Fondulini: You're a very little-a boy, I-a see. I'm not-a your mister, I'm not even-a your brother, I'm Fondulini, the fish man.
Little Boy: I'm sorry, Mr. Fetulini.
Fondulini: Eh, you crazy. Fetulini is that Italian-a noodles that are-a so soft and chewy.
Little Boy: Mr… Fondulini, my mommy wants me to get some fresh fish for the house.
Fondulini: Mice don't eat fish.
Little Boy: (giggling) No, not mouse, house!
Fondulini: Thatsa what I say.
Little Boy: Do you have trout?
Fondulini: I no trout.

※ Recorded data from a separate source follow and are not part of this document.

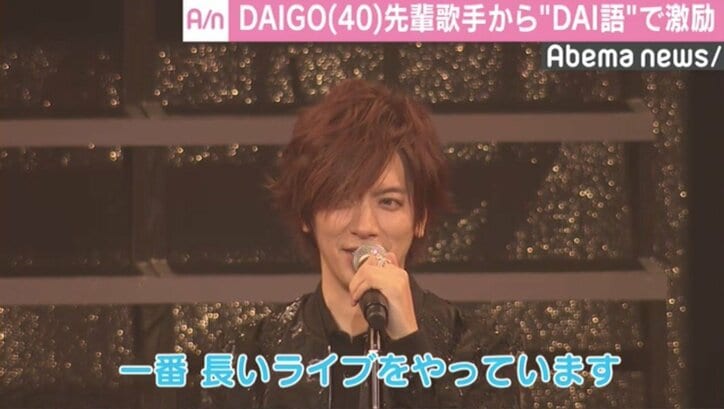 DAIGO、デビュー15周年で自身史上最長ライブ 先輩歌手から“DAI語”で激励も 2018/07/22 09:10 拡大する 歌手のDAIGO(40)が21日、東京・中野サンプラザでデビュー15周年記念ライブを開催した。 デビュー曲「MARIA」でスタートしたライブの前半は「DAIGO☆STARDUST」時代の曲を歌唱。後半からは、新曲「今夜、ノスタルジアで」など2007年にDAIGOと改名してからの曲を熱唱。新旧2つの名義で対決する二部制のステージで会場を盛り上げた。 ライブ会場に、2016年に結婚した女優の北川景子(31)の姿はなかったものの、大黒摩季(48)、倉木麻衣(35)、T-BOLANの森友嵐士(52)と、同じレコード会社の先輩たちが駆け付け、デュエット曲も披露。そして、3人それぞれが“DAI語”でDAIGOへメッセージを贈った。 続きを読む
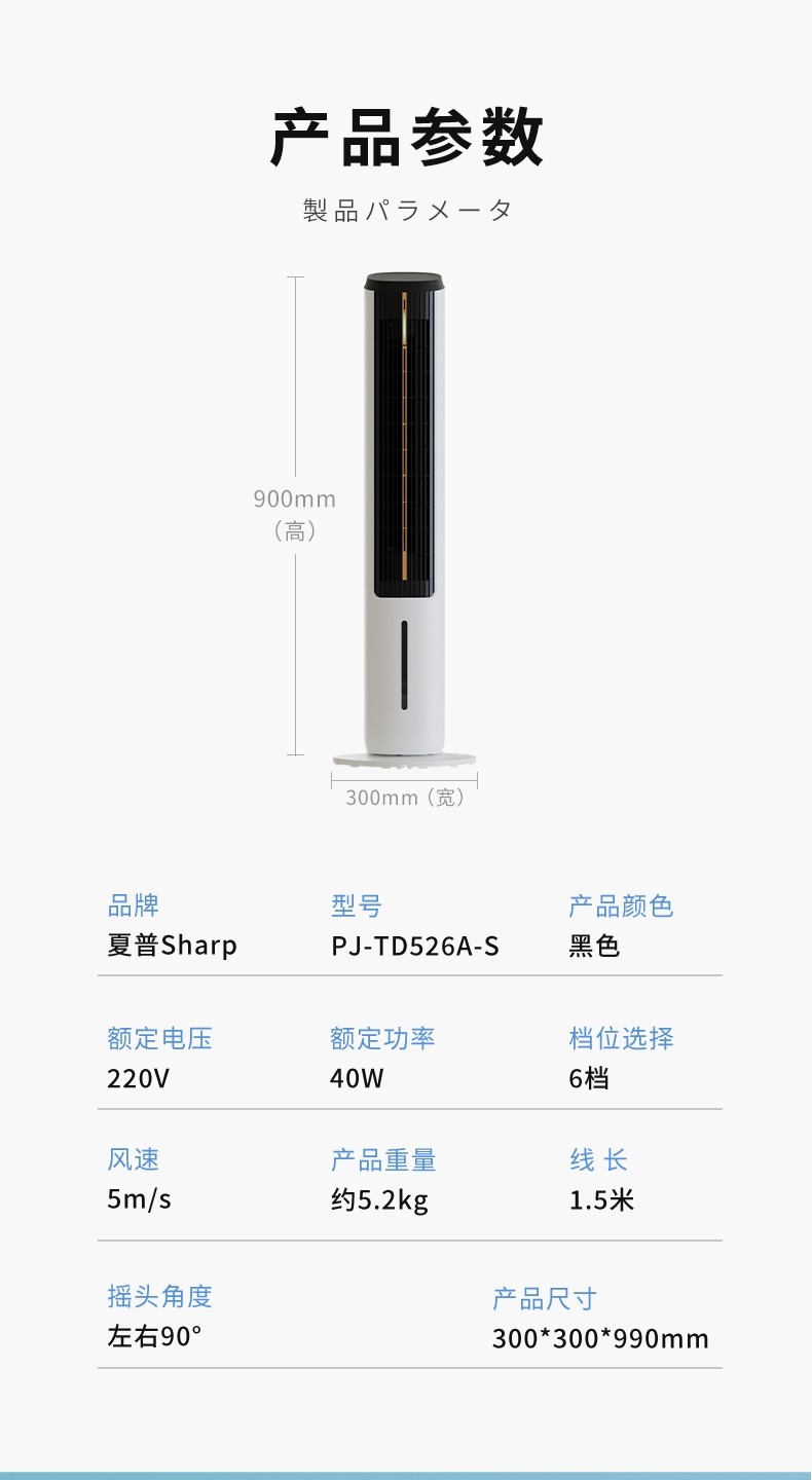 夏普 电子语音水冷塔扇PJ-TD526A-S
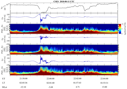 图1. CSES观测到等离子体泡内的电场ELF波动
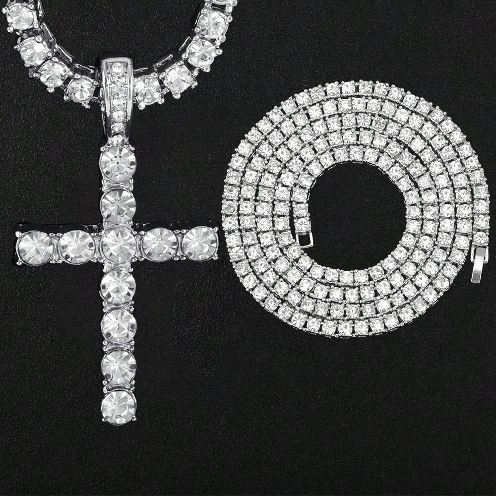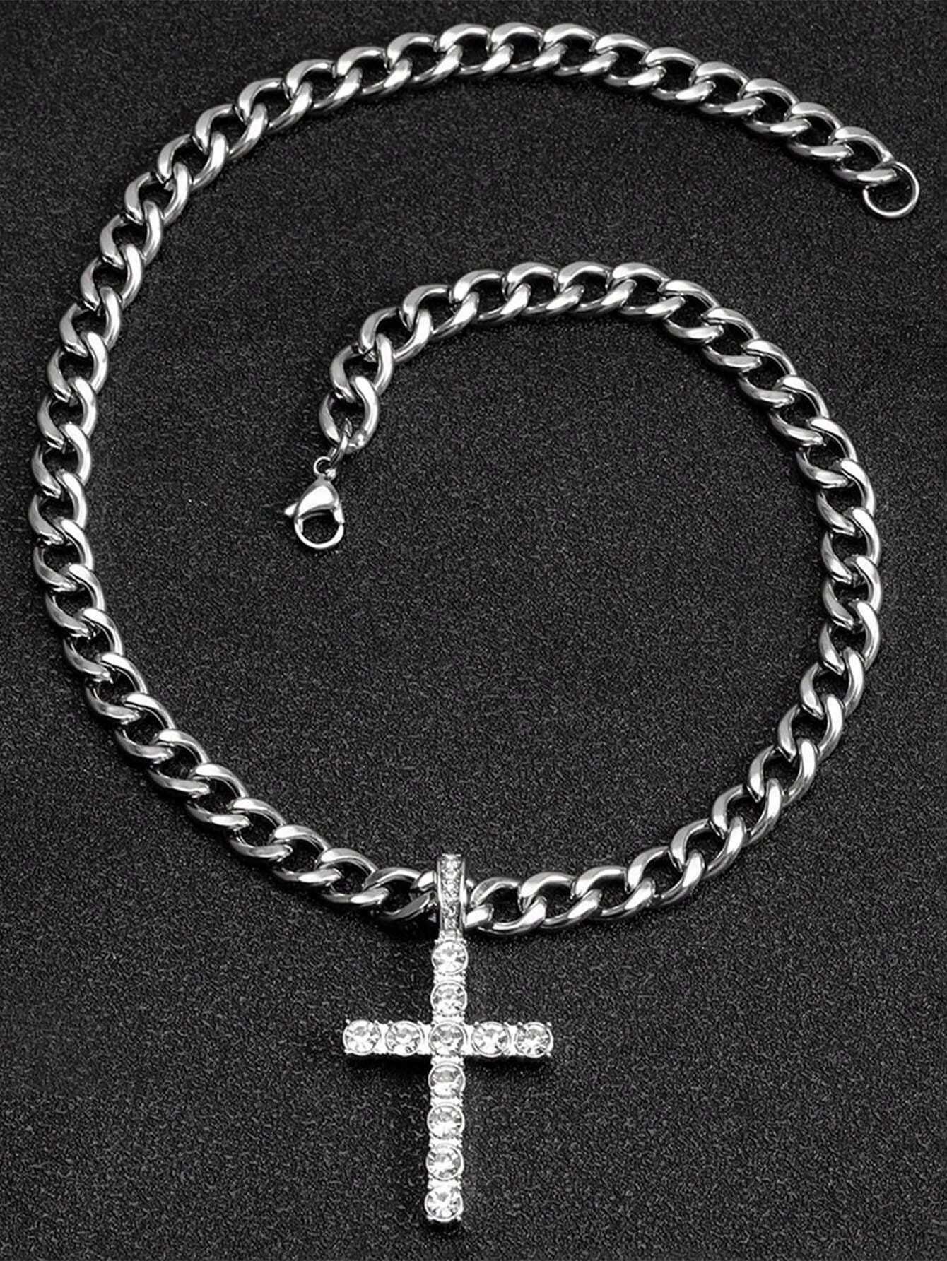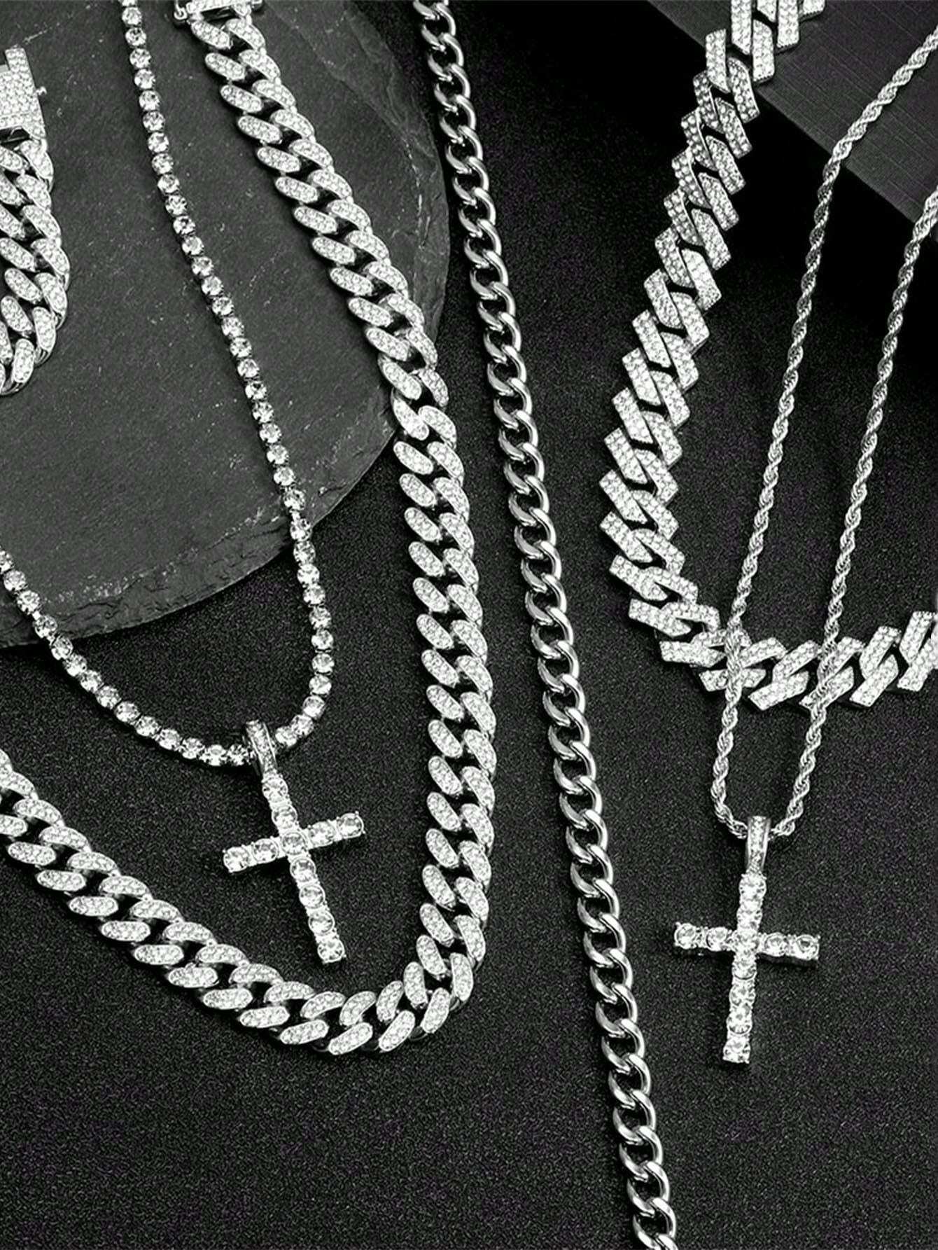 2PCS Necklace Paired With Vintage Cross Pendant Necklace Made Of Rhinestone Material Fashionable Vintage Set Birthday Gift For Men
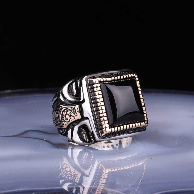 Silver Black Square Onyx Stone Men's RingThis men's ring model, made of onyx stone on silver, is a stylish accessory that you can use at any time of the day. You can gift this ring to yourself or your loved ones on your birthday, Father's Day or special occasions. The black square onyx stone men's ring model is made of 925 sterling silver. Oxide coating is applied to the silver. Oxide coating preserves its shine for a long time. As with all men's rings, the silver black square onyx stone men's ring model is produced by hand. Due to silver and precious stones, there may be a ± 10% deviation from the average product weight.Average Weight: 16.00 gr.
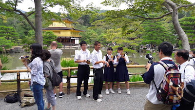 Kinkaku-ji (金閣寺, Templo do Pavilhão Dourado) é o nome dado ao templo Rokuon-ji (鹿苑寺), em Quioto, rodeado por um lago espelhado (Kyōko-chi). O pavilhão está coberto de folha de ouro puro. No telhado do pavilhão, existe uma fénix (fenghuang) dourada chinesa. O local foi usado, cerca de 1220, como local de descanso para Kintsune Saionji (西園寺公経, 1171-1244), nobre do período Kamakura e o primeiro a usar o nome Saionji. O pavilhão em si foi construído em 1397 para servir como sítio de descanso para o shogun Yoshimitsu Ashikaga [da Wikipedia].
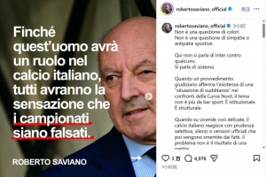 薩維亞諾對馬洛塔的抨擊十分直接,他甚至在 Instagram發(fā)文時(shí)配上了馬洛塔的照片。身為那不勒斯死忠的薩維亞諾特意強(qiáng)調(diào),自己的立場與球隊(duì)無關(guān),他說:“這不是球衣顏色的問題,也不是體育層面的好惡問題。這不是國際米蘭對陣某支球隊(duì)的問題,而是體系的問題。當(dāng)一份司法裁定明確指出,存在某些‘受控局面’時(shí),這件事就不再是酒吧里的閑聊話題,而是上升到了體制與結(jié)構(gòu)性問題。當(dāng)意大利足壇面對如此敏感的事件,卻采取選擇性謹(jǐn)慎、集體沉默,或是推出隨后被事實(shí)戳穿的官方說辭時(shí),問題就不再是一場比賽的結(jié)果?!?/p>
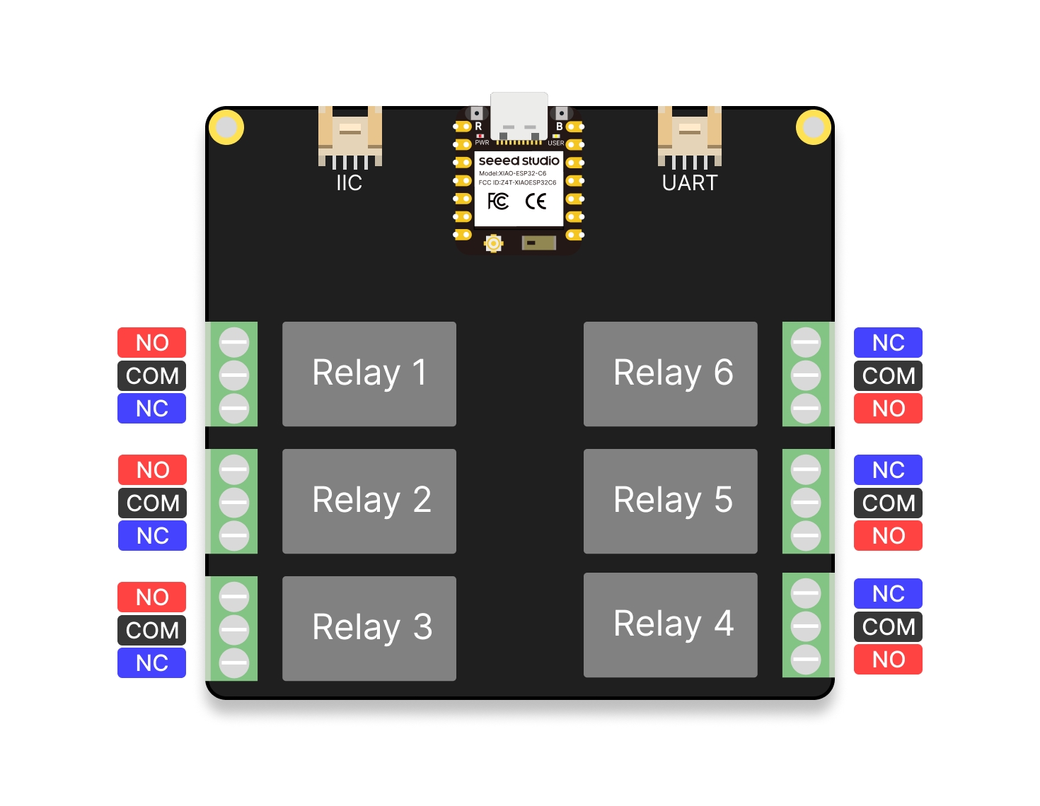 In addition to its six relay channels, this module also features two extra Grove expansion interfaces, allowing users to integrate additional sensors or actuators for more advanced automation scenarios.
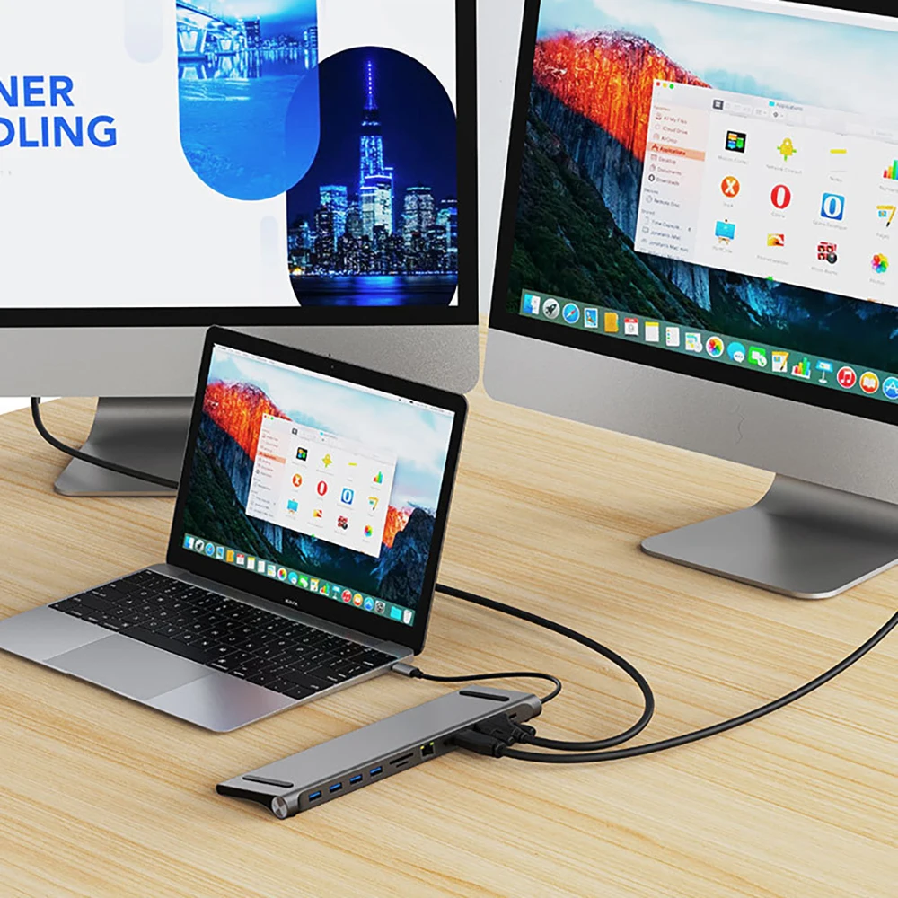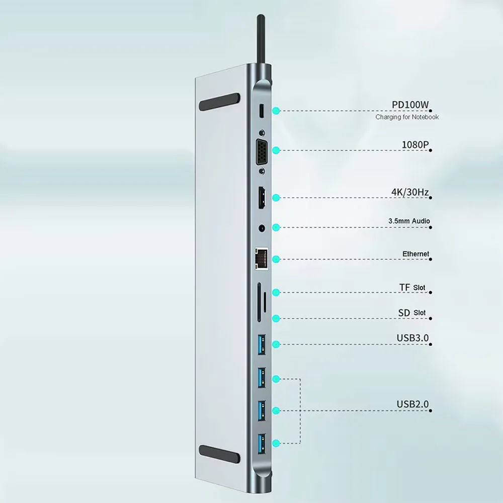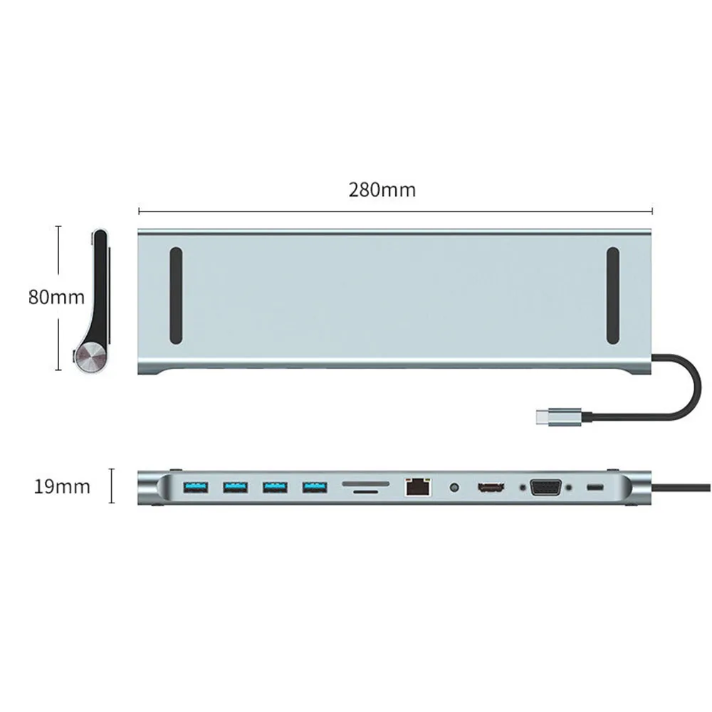 11 Ports Type C Hub Laptop Stand 100W PD Charger Adapter HDTV 1080P 4K 30HZ Audio 100 Mbps RJ45 Ethernet Cable Splitter USB Disk Micro SD TF Card Reader
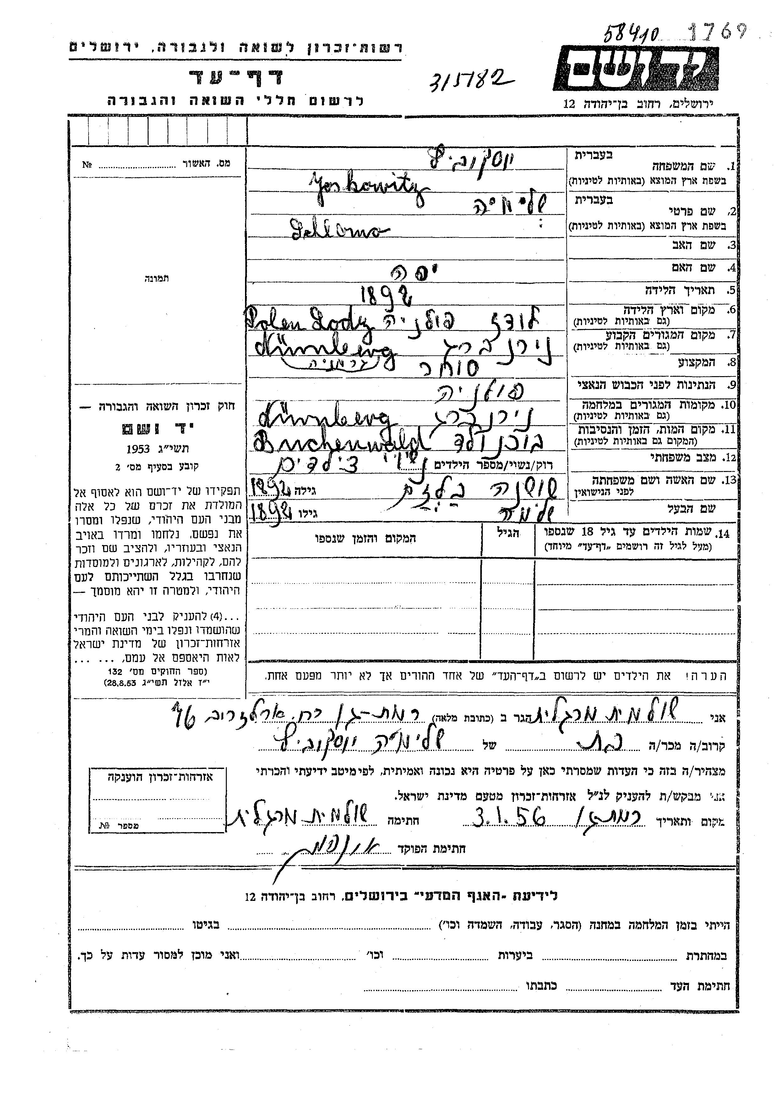 Йосковиц Шломо 1892 Нюрнберг, Германия Лист свидетельских показаний
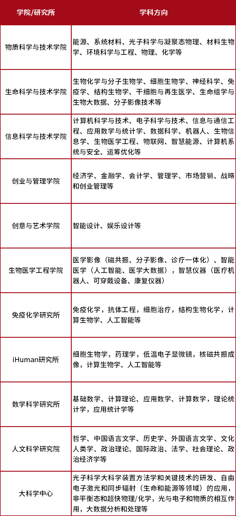學校以理工科為主,設立物質科學與技術學院、生命科學與技術學院、信息科學與技術學院、創(chuàng)業(yè)與管理學院、創(chuàng)意與藝術學院、人文科學研究院和生物醫(yī)學工程學院,實行大學院制,學院下不設系。學校設立免疫化學研究所、iHuman研究所、數(shù)學科學研究所、大科學中心。
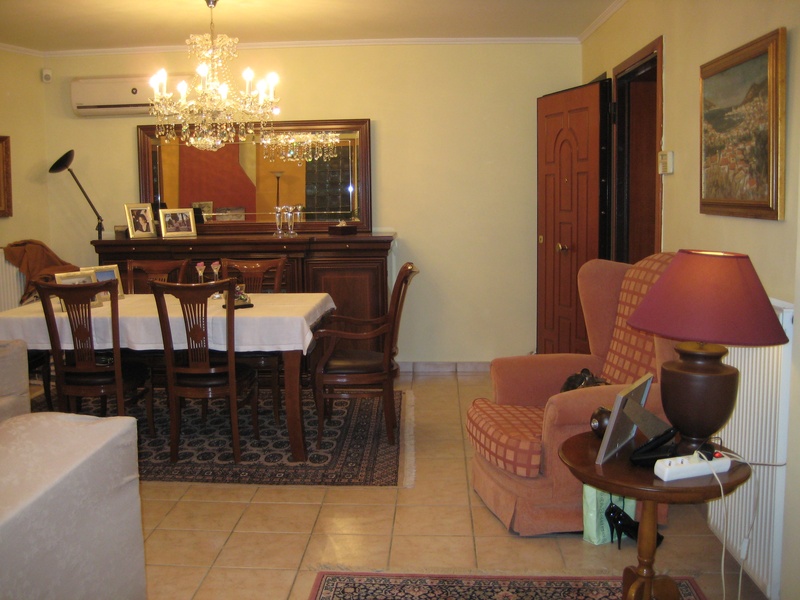 АФИНЫ р-он МОСХАТО ..Квартира на втором этаже 110 кв.м Угловой дом,3(три)балкона ,построен в 2002 году, 2 w/c автономный обогрев (газ природный) ,кондиционер,камин,железная дверь,солнечная батарея,навесы для защиты солнца (электрические), кухонны...
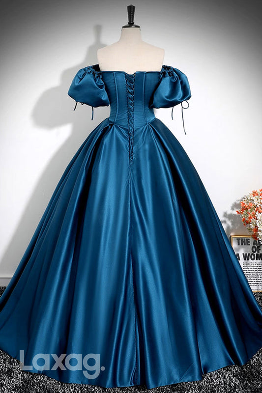 22416 - A-Line Off Shoulder Sleek Satin Elegant Party Prom Formal Evening Dress

Itsa always better to-a smile then-a to trout.
Little Boy: You're funny, mister.
Fondulini: May I-a recommend some anchovies?
Little Boy: For what?
Fondulini: For-a pizza.
Little Boy: Mmm… pizza. But I can't. My mommy won't let me have pizza. She says it's too cheesy.
Fondulini: Kids-a toys are-a cheesy. Pizza's-a not that-a cheesy.
Little Boy: But it has cheese on it!
Fondulini: Hmm? Thatsa crazy. I make-a good pizza without any-a cheese.
Little Boy: Cheese makes pizza taste good! You're weird, mister.
(The little boy runs off. Fondulini receives a phone call.)
Fondulini: Hello. You've-a reached Fondulini, the fish man. Whadda you want?
Mr. Devon: Hello, Fondulini! How goes business?
Fondulini: Oh! Hello, boss! Itsa doing fine.
Mr. Devon: Splendid! I was just about to check my latest profits.
Fondulini: Cough it? Yeah, I'd cough it outta the window if I were you, boss.
Mr. Devon: Oh, charming as always, Mr. Fondulini!
Fondulini: Thank-a you, boss.
(They hang up.)
Mr. Devon: Now, let me see how much I'm making.
(He takes a file out of a cabinet.)
Mr. Devon: Good gracious! I'm losing money! (gets angry) Oh, that double-crossing idiot! I'll teach him to run me out of business!